▶ What to work on
Excluding pictures, retype the line with "Nur 250m vom" and each line that follows it to the end of the data below, word for word.

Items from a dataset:
----------------------------------------

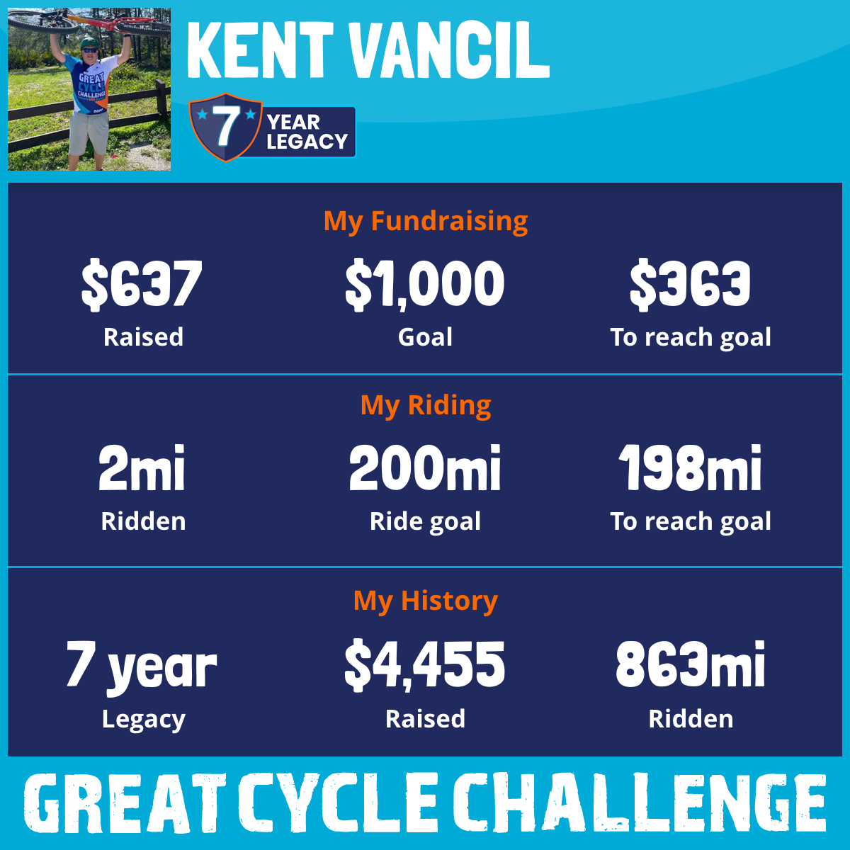15 Jul 2025Right now I’m riding to get in shape for the ride coming up. I’m also using this time to raise awareness and funds to reach my goal. Every year I set my own goal high enough to get a jersey. I set it double that number to push myself and to let others give throughout the campaign. Join me in this fight against kids cancer.
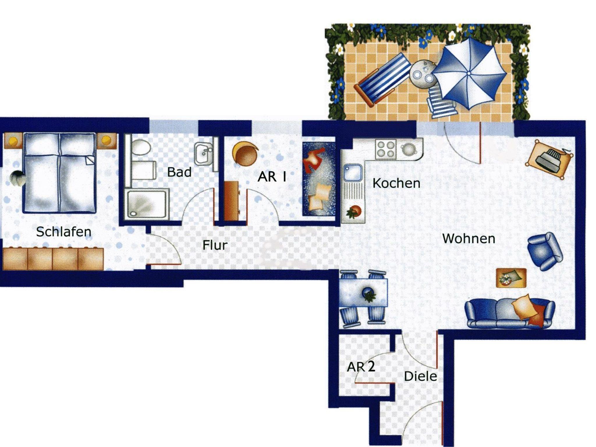 Nur 250m vom Rhododendronpark und 600m vom Strand entfernt liegt diese gemütlich und modern eingerichtete 3-Raum-Wohnung in der Hochparterre mit ca. 61 m² Wohnfläche und einer sonnigen Westterrasse. Die sehr helle und familienfreundliche Wohnung kann mit bis zu 4 Personen (max. 2 Erwachsene und 2 Kinder bis 16 Jahre) genutzt werden. Zwei separate Schlafzimmer bieten Platz hierfür. Praktisch erreichbar befindet sich in dem Objekt ein allgemeiner Fahrradraum der Platz für Fahrräder o. ä. bietet. Ein kostenloser Tiefgaraden-Stellplatz Nr. 2 steht Ihnen zur Verfügung. Eine Waschmaschine steht Ihnen hier ebenso kostenlos zur Verfügung.
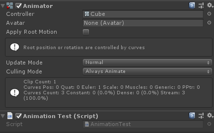 }- Attachez le script AnimationTest.cs au cube avec le composant Animator:
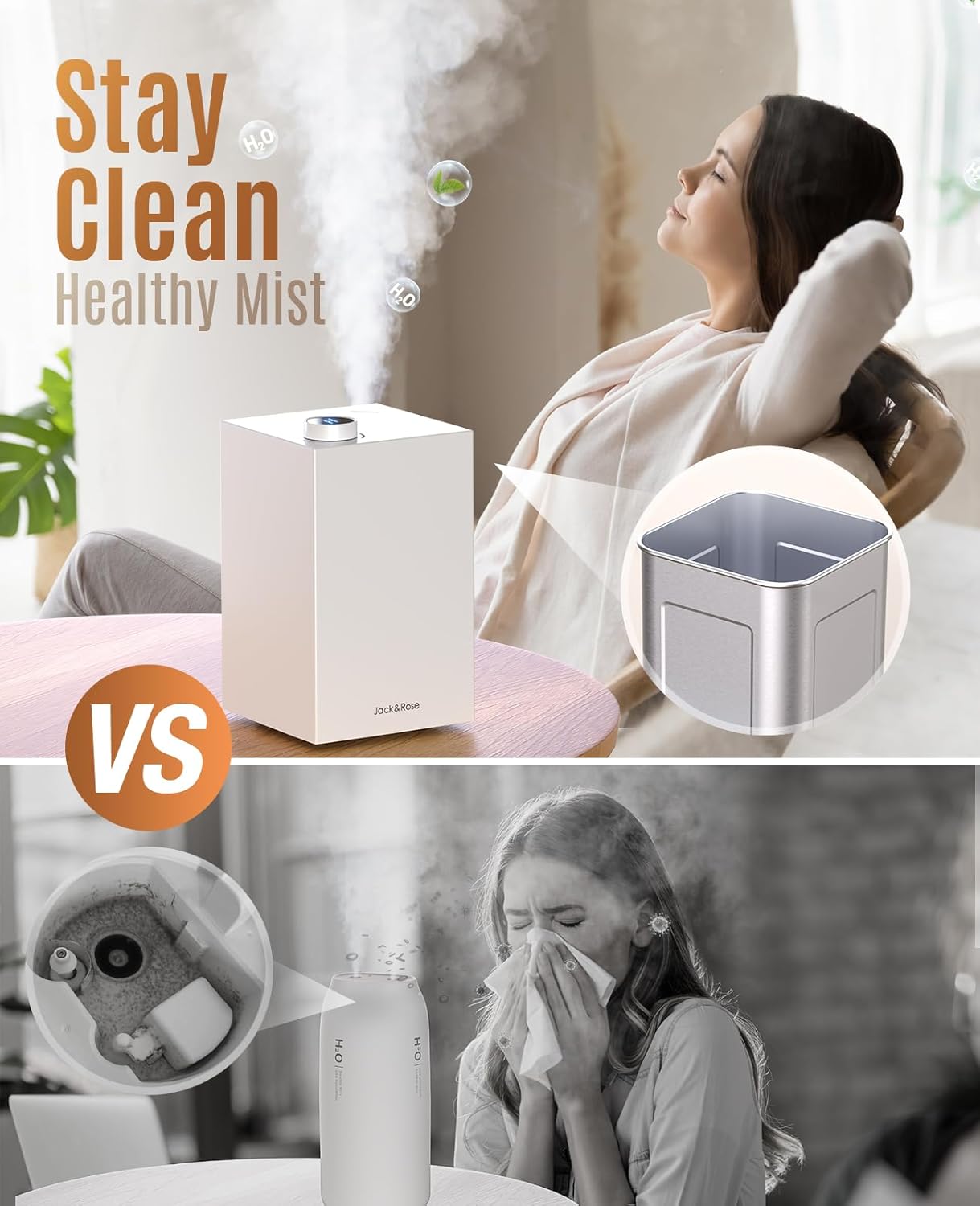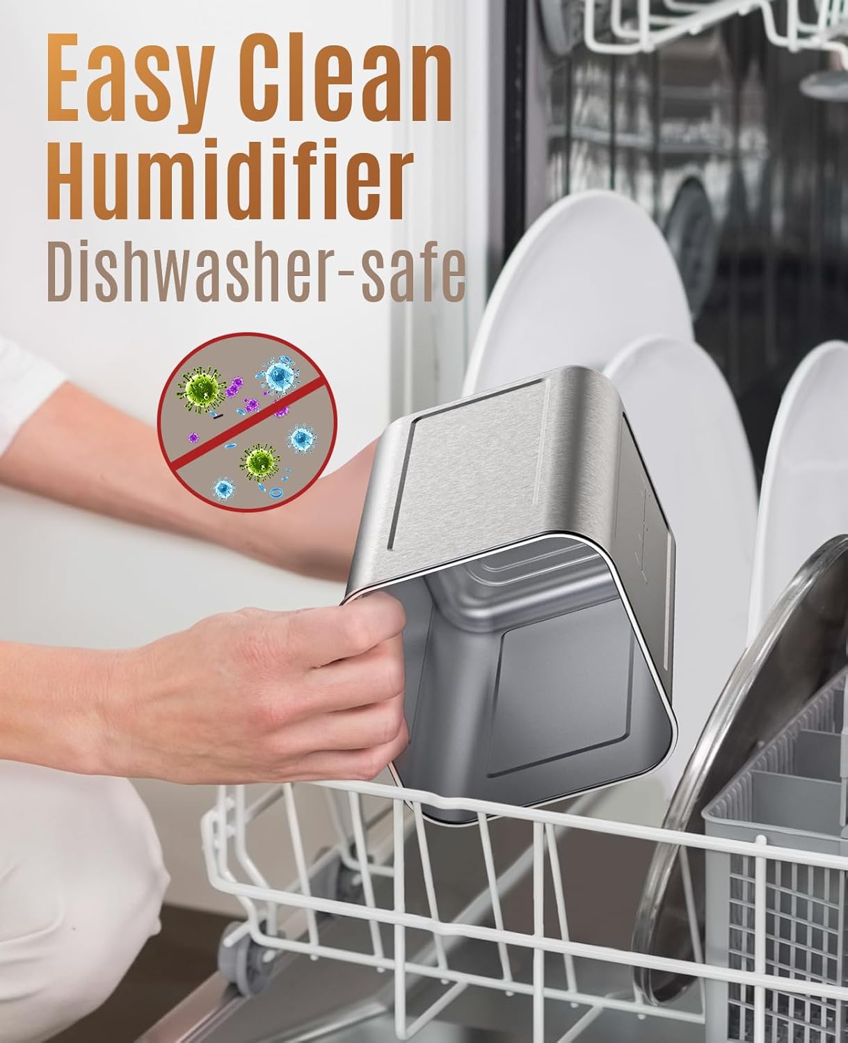 Jack & Rose Stainless Steel Humidifier, Easy to Clean Humidifier, Dishwasher Safe Humidifiers, Cool Mist Humidifiers for Bedroom
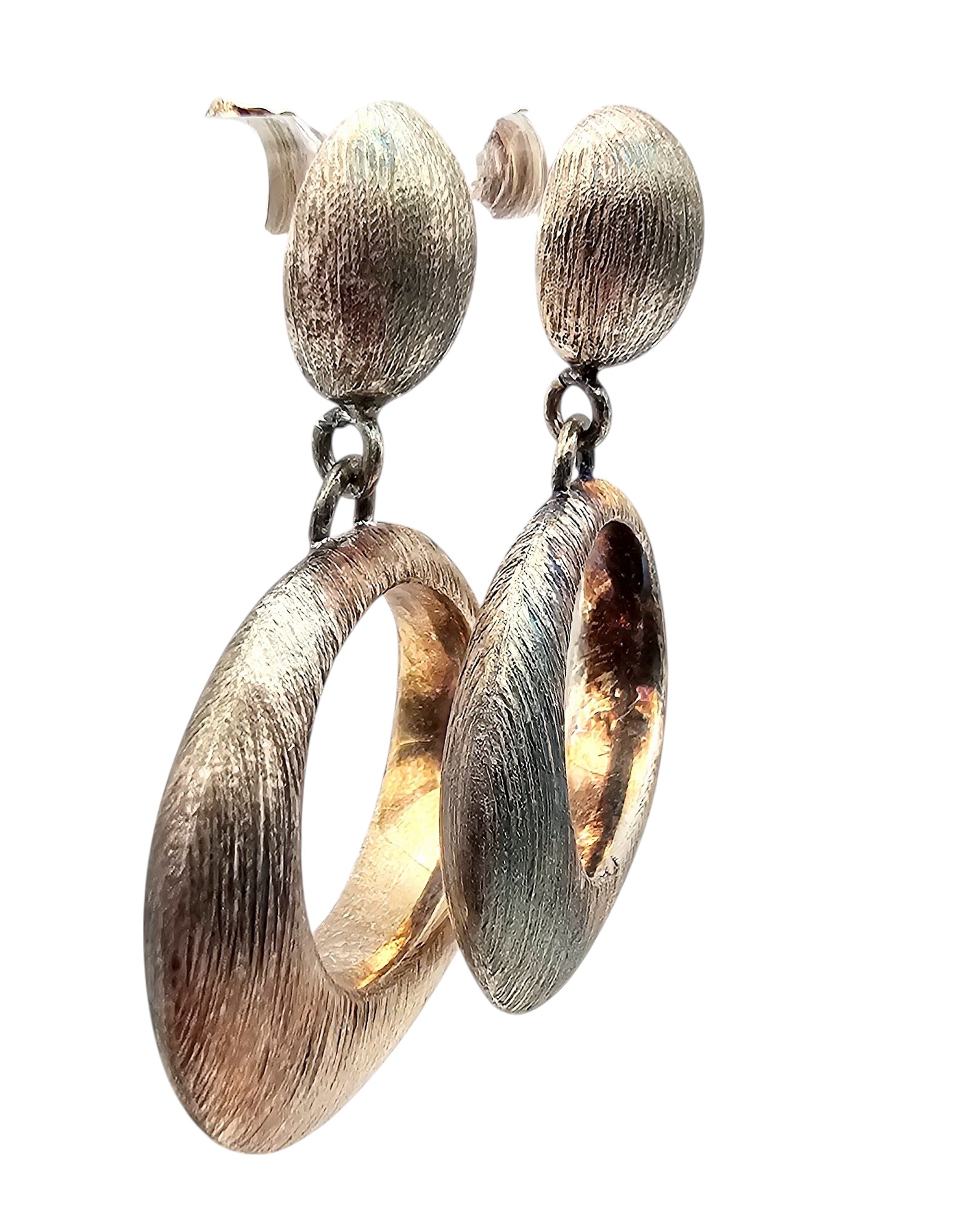 Italy Sterling Silver Textured Dangle Earrings 9.8 G

----------------------------------------

▶ Task response
 Nur 250m vom Rhododendronpark und 600m vom Strand entfernt liegt diese gemütlich und modern eingerichtete 3-Raum-Wohnung in der Hochparterre mit ca. 61 m² Wohnfläche und einer sonnigen Westterrasse. Die sehr helle und familienfreundliche Wohnung kann mit bis zu 4 Personen (max. 2 Erwachsene und 2 Kinder bis 16 Jahre) genutzt werden. Zwei separate Schlafzimmer bieten Platz hierfür. Praktisch erreichbar befindet sich in dem Objekt ein allgemeiner Fahrradraum der Platz für Fahrräder o. ä. bietet. Ein kostenloser Tiefgaraden-Stellplatz Nr. 2 steht Ihnen zur Verfügung. Eine Waschmaschine steht Ihnen hier ebenso kostenlos zur Verfügung.
 }- Attachez le script AnimationTest.cs au cube avec le composant Animator:
 Jack & Rose Stainless Steel Humidifier, Easy to Clean Humidifier, Dishwasher Safe Humidifiers, Cool Mist Humidifiers for Bedroom
 Italy Sterling Silver Textured Dangle Earrings 9.8 G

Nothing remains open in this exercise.